Osterloh, Justus; Agaimy, Abbas; Fried, Frederick; Stoehr, Robert; Janka, Rolf; Arkudas, Andreas; Horch, Raymund E.
Afiliação
  • Osterloh J; Department of Plastic and Hand Surgery and Laboratory for Tissue Engineering and Regenerative Medicine, University Hospital Erlangen, Friedrich-Alexander University Erlangen-Nürnberg (FAU), Erlangen, Germany.
  • Agaimy A; Institute of Pathology, University Hospital of Erlangen, Friedrich-Alexander-University Erlangen-Nürnberg (FAU), Erlangen, Germany. abbas.agaimy@uk-erlangen.de.
  • Fried F; Department of Plastic and Hand Surgery and Laboratory for Tissue Engineering and Regenerative Medicine, University Hospital Erlangen, Friedrich-Alexander University Erlangen-Nürnberg (FAU), Erlangen, Germany.
  • Stoehr R; Melbourne Institute of Plastic Surgery, Melbourne, Australia.
  • Janka R; Institute of Pathology, University Hospital of Erlangen, Friedrich-Alexander-University Erlangen-Nürnberg (FAU), Erlangen, Germany.
  • Arkudas A; Department of Radiology, University Hospital of Erlangen, Friedrich-Alexander-University Erlangen-Nürnberg (FAU), Erlangen, Germany.
  • Horch RE; Department of Plastic and Hand Surgery and Laboratory for Tissue Engineering and Regenerative Medicine, University Hospital Erlangen, Friedrich-Alexander University Erlangen-Nürnberg (FAU), Erlangen, Germany.

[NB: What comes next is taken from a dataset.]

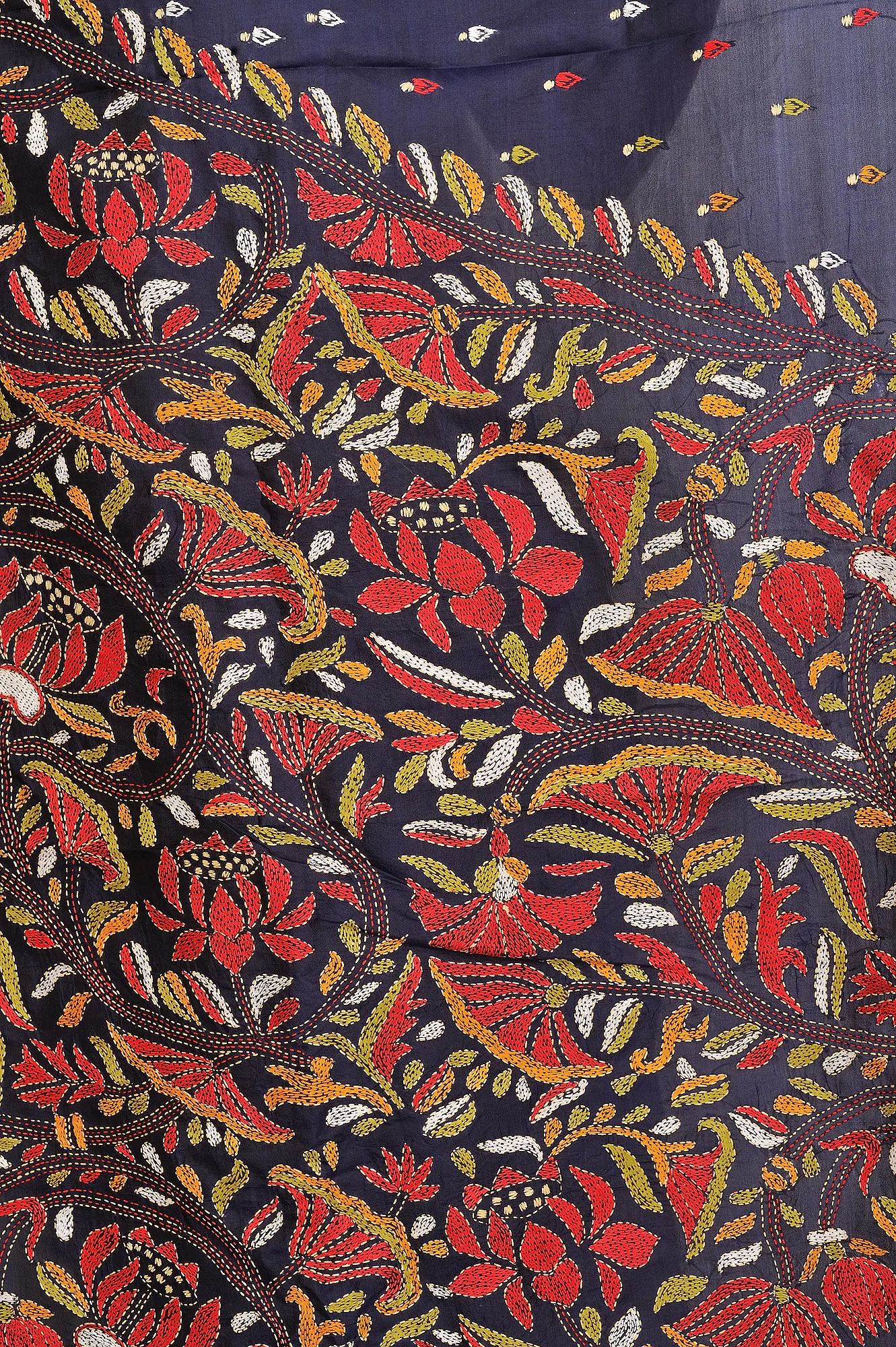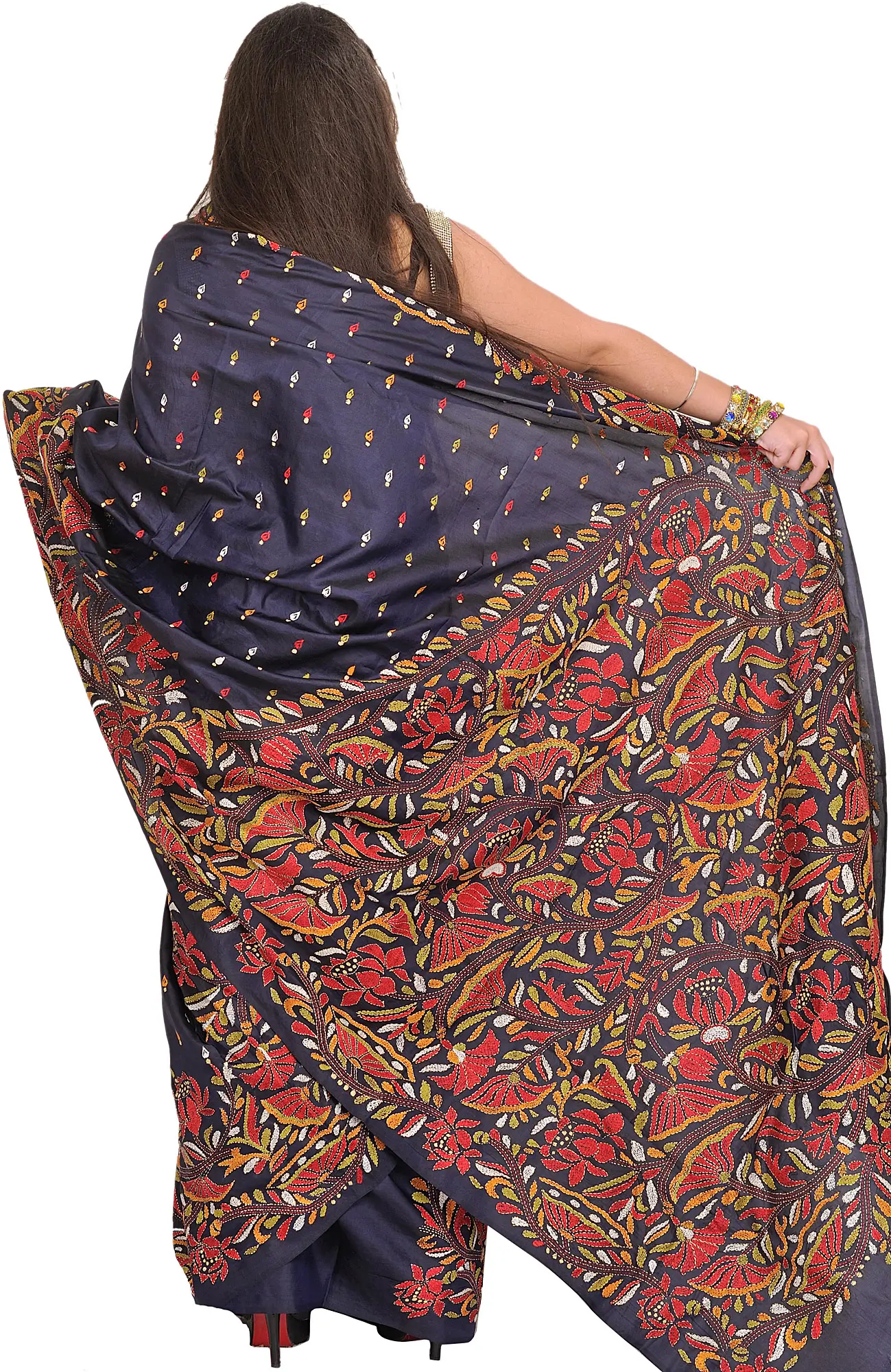 Caviar-Black Sari from Kolkata with Floral Kantha-Embroidery by Hand
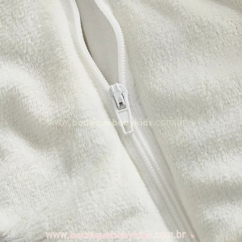 Aconchego nos Dias Frios: O tecido felpudo mantém o corpo aquecido em dias frios, sendo ideal para o outono e inverno. Ao mesmo tempo, é leve o suficiente para o bebê brincar ou dormir com liberdade de movimento.

Virchows Arch ; 483(1): 33-39, 2023 Jul.
Article em En | MEDLINE | ID: mdl-37067587
ABSTRACT
Lipomatosis of peripheral nerves (LPN, also known as fibrolipomatous or lipofibromatous hamartoma of peripheral nerves) is a very rare, benign, intraneural, tumorous lesion that predominantly involves the median nerve but may rarely affect any peripheral nerve. Recently, PIK3CA mutations have been reported in macrodactyly, a rare condition related to LPN, and in other localized lipomatous overgrowth syndromes. In this retrospective study, we report 6 cases of FPN involving the median nerve (4 of them identified among 570 patients with carpal tunnel syndrome who underwent surgical decompression at our center from 2012 to 2022 and two seen in consultation by one of the authors). All cases were diagnosed via biopsy or resection supplemented by MRI. Patients were 4 males and 2 females aged 23 to 60 years (mean 38 years). One patient with bilateral lesions had in addition extensive angiomatosis of the paravertebral region. Histological examination showed an abnormal amount of mature fatty tissue containing disordered fibrous bands, entrapping normal-looking nerve fibers with prominent perineurial and endoneurial fibrosis. Genetic analysis using snapshot assay constructed to detect hotspots mutations in PIK3CA revealed similar PIK3CA mutations (p.H1047R; c.3140A>G) in 5/6 cases (83.3%). Our study represents a further contribution to the literature on LPN and highlights the diagnostic value of PIK3CA mutation testing as surrogate tool in equivocal cases and in those lesions without associated macrodactyly, especially as the biopsy findings of this lesion are essentially nonspecific.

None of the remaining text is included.